# Is it wrong of me not to want my mother to get a dog?



## Silvicen (Dec 30, 2010)

Hi everyone, I feel the need to vent and get some feedback. 
I just got hung-up on by my mother because I told her that no reputable rescue would adopt to her because she want a pair of small outside only dogs. She started whining that she would go outside and spend time with them but she doesn't want dogs inside her house. The conversation started when she told me she wanted to get a pair of rat terriers which I do not think would fit with her temperment. She has had dogs before and had not always taken proper care of them. After our yellow lab died she left the other dog outside greiving so bad that the husky mix started having seizures. Also the husky mix broke a canine and my mother didn't want to pay the vet bill to have it fixed. She suffered for years until I had my pups over there cause the husky was giving them canine social lessons that I am not equipped to do ( like how to properly sniff butts) and I noticed a bright green opaque nasal discharge. It was taken care of 2 days later becuase I took her to the vet and sent my mother the bill. My mom says she will walk smaller dogs she gets, but I dont think so unless its to be a neighborhood showoff. She didn't walk her other dogs, only when I practically forced her, because they pulled. She doesn't have a dog right now because I wound up taking her husky away after she bonded with my dogs. 
I promised Casey, the yellow lab who I helped her find when I was a teenager, that I would never help her get another dog that she could treat the way she treated him. His total life was outside in the backyard. She even fenced off the patio area so he couldn't come up to the back door. 
I know that there are alot of dogs in shelters that need homes and I want to do everything I can to help them, but I just don't feel that my mother needs a dog knowing the way she will force them to stay outside all year long. Granted she does live in so cal so it usually doesn't get that cold but she sees them more as objects/status and not so much as family members. Even though she refers to mine as the grand dogs. All I can really say in her defense is that she does feed them, sometimes too much, provides them with water, flea care, vaccines and has them altered. But she has proven that if the medical care is too expensive (ie $400.00) she wont get it for them. 
I want her to get dogs if she is going to get my new 4 legged brother or sisters. She doesn't have to spoil them as much as I spoil mine. 
I also don't think she has the proper temperment to deal with a dog.

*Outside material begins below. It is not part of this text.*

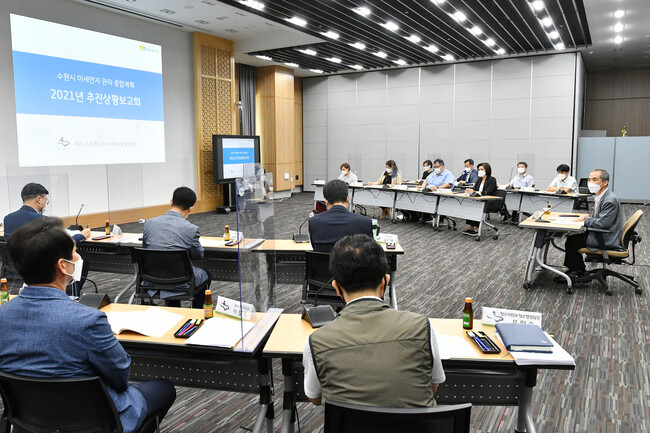 수원시는 6일 시청 중회의실에서 ‘2021~2025 수원시 미세먼지 관리 종합계획 2021년 상반기 추진상황보고회’를 열고, 미세먼지 저감 사업 추진상황을 점검했다.

Example, one of my dogs counter surfed, I was blaming my freind for leaving unattended meatballs on the counter, my mom blamed the dog. I thought don't trust a dog with your food was one of the rules of life. She doesn't want a dog to dig, I have a mooncratered landscape backyard. Front yard looks good though. She doesn't want the dog to ride in the car unless its necessary or really work on obedience. I used to teach basic obedience classes and need a bigger vehicle to fit the entire pack in while crated.
Sorry its so long, I just needed to vent.
Silvicen, mommy to 6 50lb+ k9 lap babies (when invited)


----------



## ratflinger (Jan 3, 2011)

So she wants to provide everything for the dog except the two things the dog really wants - Love & attention. I don't blame you for your stance, sounds logical to me.


----------



## Shandwill (Jul 23, 2010)

Your feelings sound justified to me. The best predictor of future behavior is past behavior.


----------



## Tavi (May 21, 2010)

Venting is good, it prevent us from smacking down people we really want to smack down... ^^ And yeah I can definitely see why you wouldn't want to see your mom get another dog...especially rat terriers...dogs whose very nature requires lots of exercise and training to be kept in a non-destructive mindset. And who generally don't do well at all as backyard dogs in the first place. Since their coats tend to be thin and they don't really have the protection for natural weather without really good shelters. Which it doesn't sound like your mom would be the type to pick up since good shelters cost money... And you are right though if your mom tells the rescue or shelter that she wants the little dogs for outdoor dogs I don't see any decent shelter allowing the adoption. Small dogs in particular are always easier to adopt than bigger dogs and finding the correct home for them is something they can spend time on. Shelters may not mind outdoor huskies or labs or such, but only with an owner with a proven home and background to show they're gonna spend time with the dog. Well at least as far as the shelters I've volunteered for...of course there are bad ones out there, so I'm just hoping your mom only knows how to reach good ones. ^^


----------



## Cracker (May 25, 2009)

This is sneaky but honestly I would do anything to prevent your mum from getting a dog from rescue...including calling all the local shelters and telling them that she would not be a good home. She doesn't have to know...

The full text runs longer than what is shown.